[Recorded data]
Segment Open

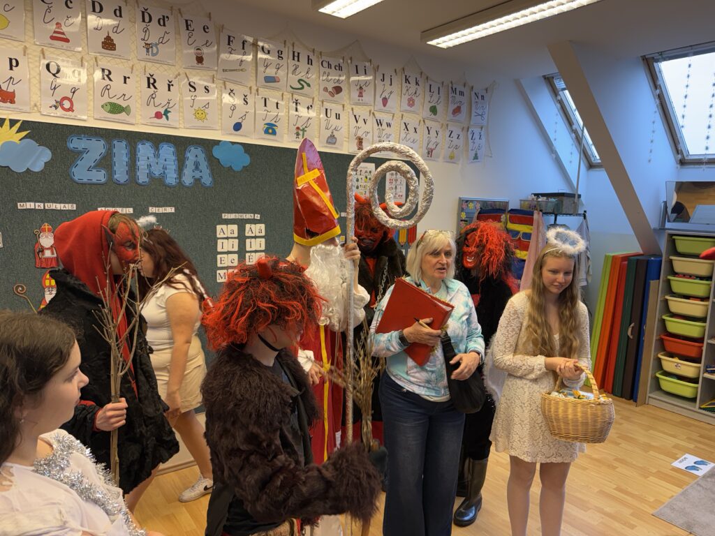 Psal se 5. prosinec a do školní budovy v Orlí ulici se pod vedením paní učitelky Šťastné vypravil průvod andělů a čertů v čele s Mikulášem. Mise splnila účel – děti z Orlí byly některé sice vyplašené, ale šťastné a plné velmi intenzivních dojmů. Mikulášská svita byla totiž dost působivá. Podobná akce pak proběhla o několik dní později i v ZŠ Gollova.
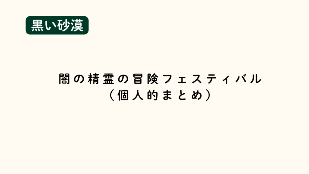 闇の精霊の冒険フェスティバル(個人的まとめ)
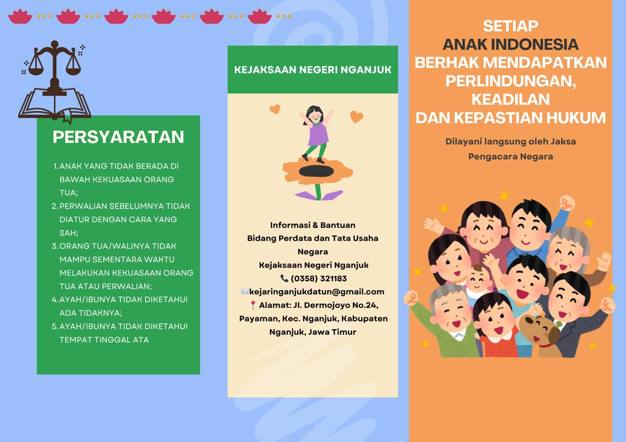 Melalui layanan Perwalian Anak, Kejaksaan Negeri Nganjuk hadir memberikan pendampingan hukum secara gratis, profesional, dan humanis bagi anak-anak yang membutuhkan penetapan wali berdasarkan ketentuan peraturan perundang-undangan.
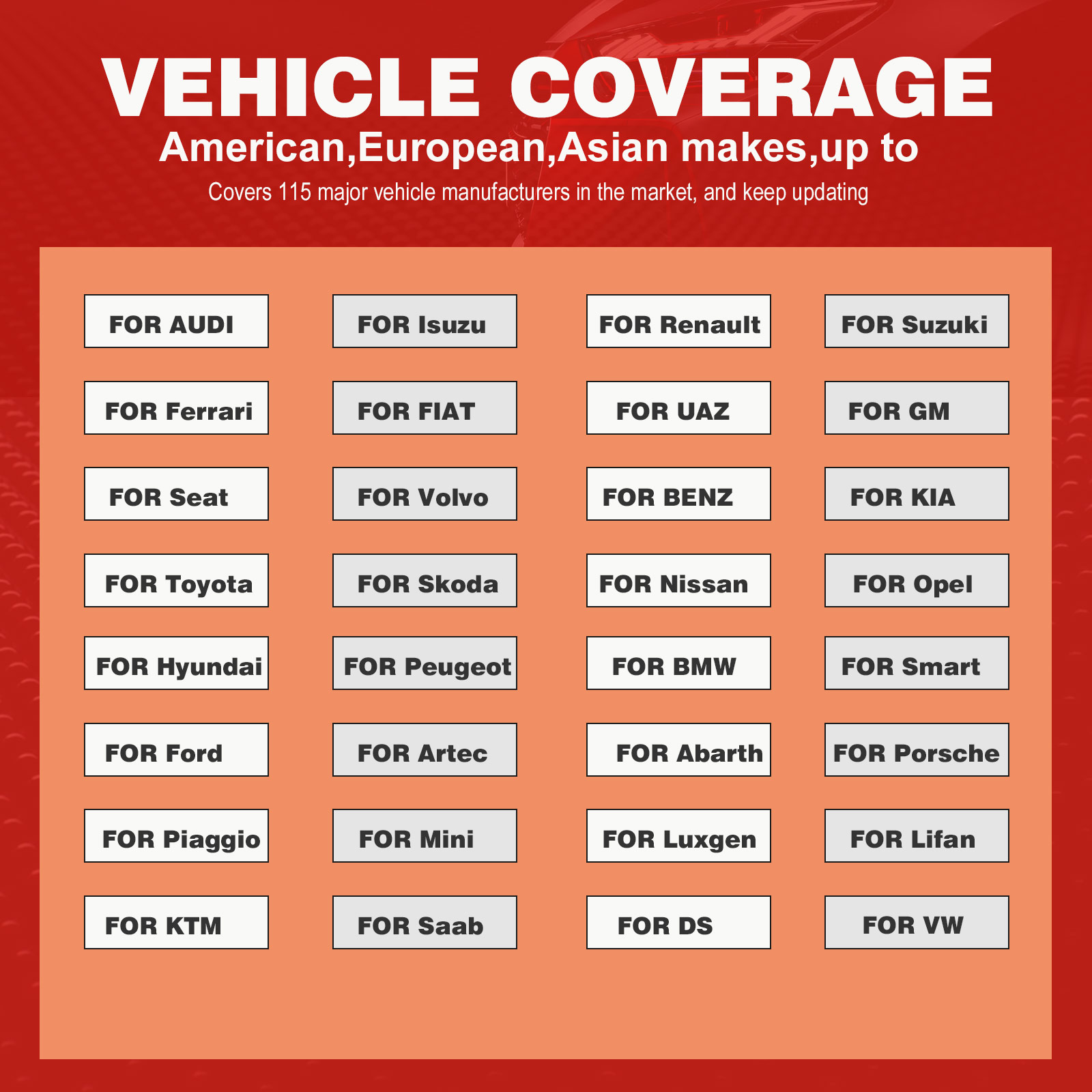 6. Cover Up to 115 Major Vehicle Manufacturers: EDIAG covers 115 major vehicle manufacturers in the market, and keep updating
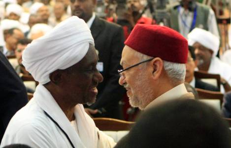 Sudan's First Vice President Taha talks to Tunisia Islamic Leader Ghannochi during 8th General Conference of Sudanese Islamic Movement in Khartoum
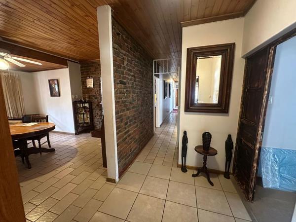 A standout feature of this home is the exceptional outdoor living and entertainment spaces. A covered wooden deck overlooks the garden and swimming pool, creating the perfect setting for entertaining, relaxing, or family time. Additional paved courtyards and a built-in braai area further enhance the homes entertainment appeal.
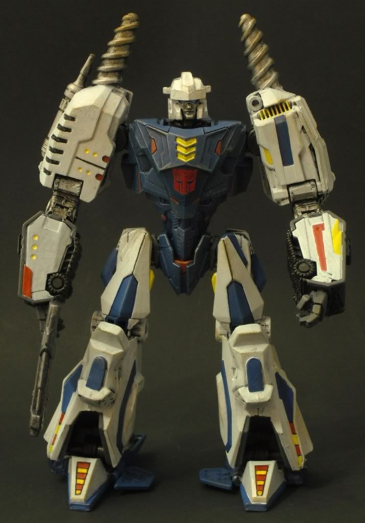 Grounder has transformed from some drill-tank into a bipedal robot with drills for shoulders
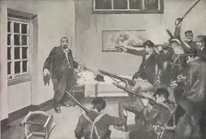 As night fell, a "ghost truck", led by Abel Olímpio,[3][4] roamed Lisbon with the aim of murdering a list of notable people.[2] The first to be killed was António Granjo, who fled from his home in Rua João Crisóstomo and hid in Francisco Pinto da Cunha Leal's (who had ties with the revolutionary movement) nearby house, in Avenida Miguel Bombarda.[2] When the rebels found Granjo, they forced Cunha Leal to hand him over.[2] The rebels were purportedly taking Granjo to the NRP Vasco da Gama, but rebels tried to kill him as he reached Terreiro do Paço.[2] He was then shot in the neck as he neared the boarding bridge near the Navy Arsenal. Some military rebels tried to pull him inside the Navy Arsenal, but the mob succeeded in killing him with guns and swords.[2] Cunha Leal was wounded while trying to defend Granjo.[4] Then, José Carlos da Maia was also killed near the Navy Arsenal.[2] António Machado Santos was killed in the early hours of 20 October 1921 in Largo do Intendente.[2] Freitas da Silva was shot and died in hospital.[2] Colonel Botelho de Vasconcelos and a driver called Carlos Gentil were also killed.[4] The riot appeared to have targeted Sidonist politicians,[2] except for Granjo.[4]
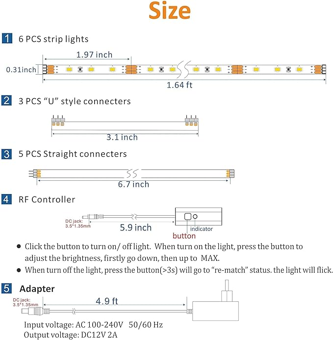 - DIY LED light strip: 6 PCS pre-cut strips, total 9.8 ft,many kinds of connection option,Great way to upgrade your cabinets,closet,desk,bookshelf,bed,wardrobe,display case,bedroom,workbench etc
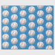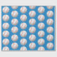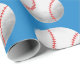 Cute kid's wrapping paper for birthday gift wrapping featuring an illustration of a baseball made into a pattern. The background is blue.
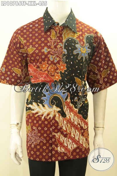 Model Baju Batik Lengan Pendek Pria L3, Hem Batik Jumbo Premium Full Furing Mewah Berkelas Mmotif Proses Tulis, Bikin Penampilan Lebih Berwibawa [LD10766TF-XXL]
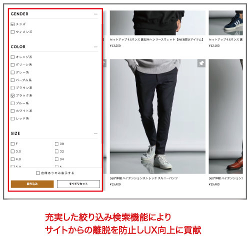 これによりユーザーがスムースに目的の商品に辿り着くことができ、商品がなかなか見つからないことによるサイトからの離脱防止にも繋がります。
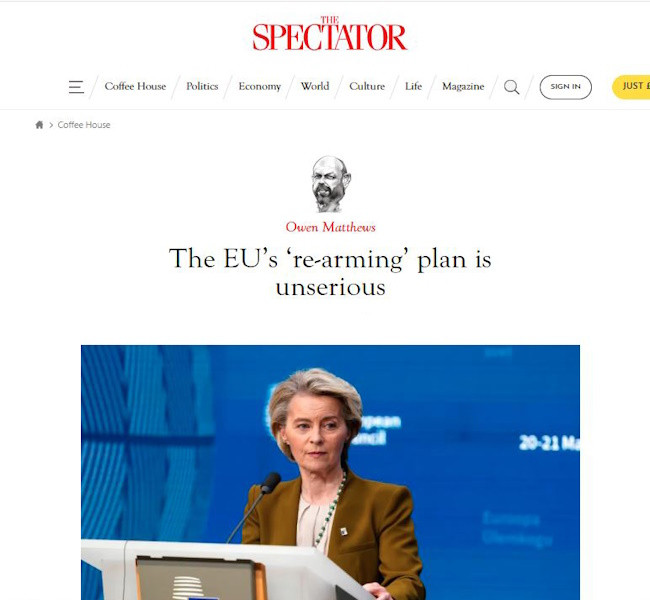 «Европа делает ставку на защиту Украины и себя. С этой целью президент Европейской комиссии Урсула фон дер Ляйен на прошлой неделе объявила о плане ReArm Europe, требующий выделения до 800 миллиардов евро в оборонный сектор в течение следующих четырёх лет. Через несколько дней поняв, что названная сумма нереальна, Ляйен объявила другую – 150 млрд евро. Однако оказалось, что и её негде взять. Тогда решили хотя бы обсудить вооружение Украины, но и тут что-то пошло не так. Первоначально названную сумму в 40 миллиардов евро представители стран Евросоюза не стали даже обсуждать. Тогда была названа другая сумма, более реальная, 5 млрд евро. Но и её не получилось согласовать. По итогу, Украине ничего не выделили и пообещали Зеленскому моральную поддержку. Тогда как ряд стран честно заявили, что не собираются принимать участия в этом мероприятии по вооружению Украины», – пишет автор статьи известный британский обозреватель Оуэн Мэтьюз (Owen Matthews).

Segment Closed

Give back exactly, and only, the lines from the one holding "- DIY LED light" through the last line of the entries, with every picture omitted.

→ RESPONSE TO THIS TASK
 - DIY LED light strip: 6 PCS pre-cut strips, total 9.8 ft,many kinds of connection option,Great way to upgrade your cabinets,closet,desk,bookshelf,bed,wardrobe,display case,bedroom,workbench etc
 Cute kid's wrapping paper for birthday gift wrapping featuring an illustration of a baseball made into a pattern. The background is blue.
 Model Baju Batik Lengan Pendek Pria L3, Hem Batik Jumbo Premium Full Furing Mewah Berkelas Mmotif Proses Tulis, Bikin Penampilan Lebih Berwibawa [LD10766TF-XXL]
 これによりユーザーがスムースに目的の商品に辿り着くことができ、商品がなかなか見つからないことによるサイトからの離脱防止にも繋がります。
 «Европа делает ставку на защиту Украины и себя. С этой целью президент Европейской комиссии Урсула фон дер Ляйен на прошлой неделе объявила о плане ReArm Europe, требующий выделения до 800 миллиардов евро в оборонный сектор в течение следующих четырёх лет. Через несколько дней поняв, что названная сумма нереальна, Ляйен объявила другую – 150 млрд евро. Однако оказалось, что и её негде взять. Тогда решили хотя бы обсудить вооружение Украины, но и тут что-то пошло не так. Первоначально названную сумму в 40 миллиардов евро представители стран Евросоюза не стали даже обсуждать. Тогда была названа другая сумма, более реальная, 5 млрд евро. Но и её не получилось согласовать. По итогу, Украине ничего не выделили и пообещали Зеленскому моральную поддержку. Тогда как ряд стран честно заявили, что не собираются принимать участия в этом мероприятии по вооружению Украины», – пишет автор статьи известный британский обозреватель Оуэн Мэтьюз (Owen Matthews).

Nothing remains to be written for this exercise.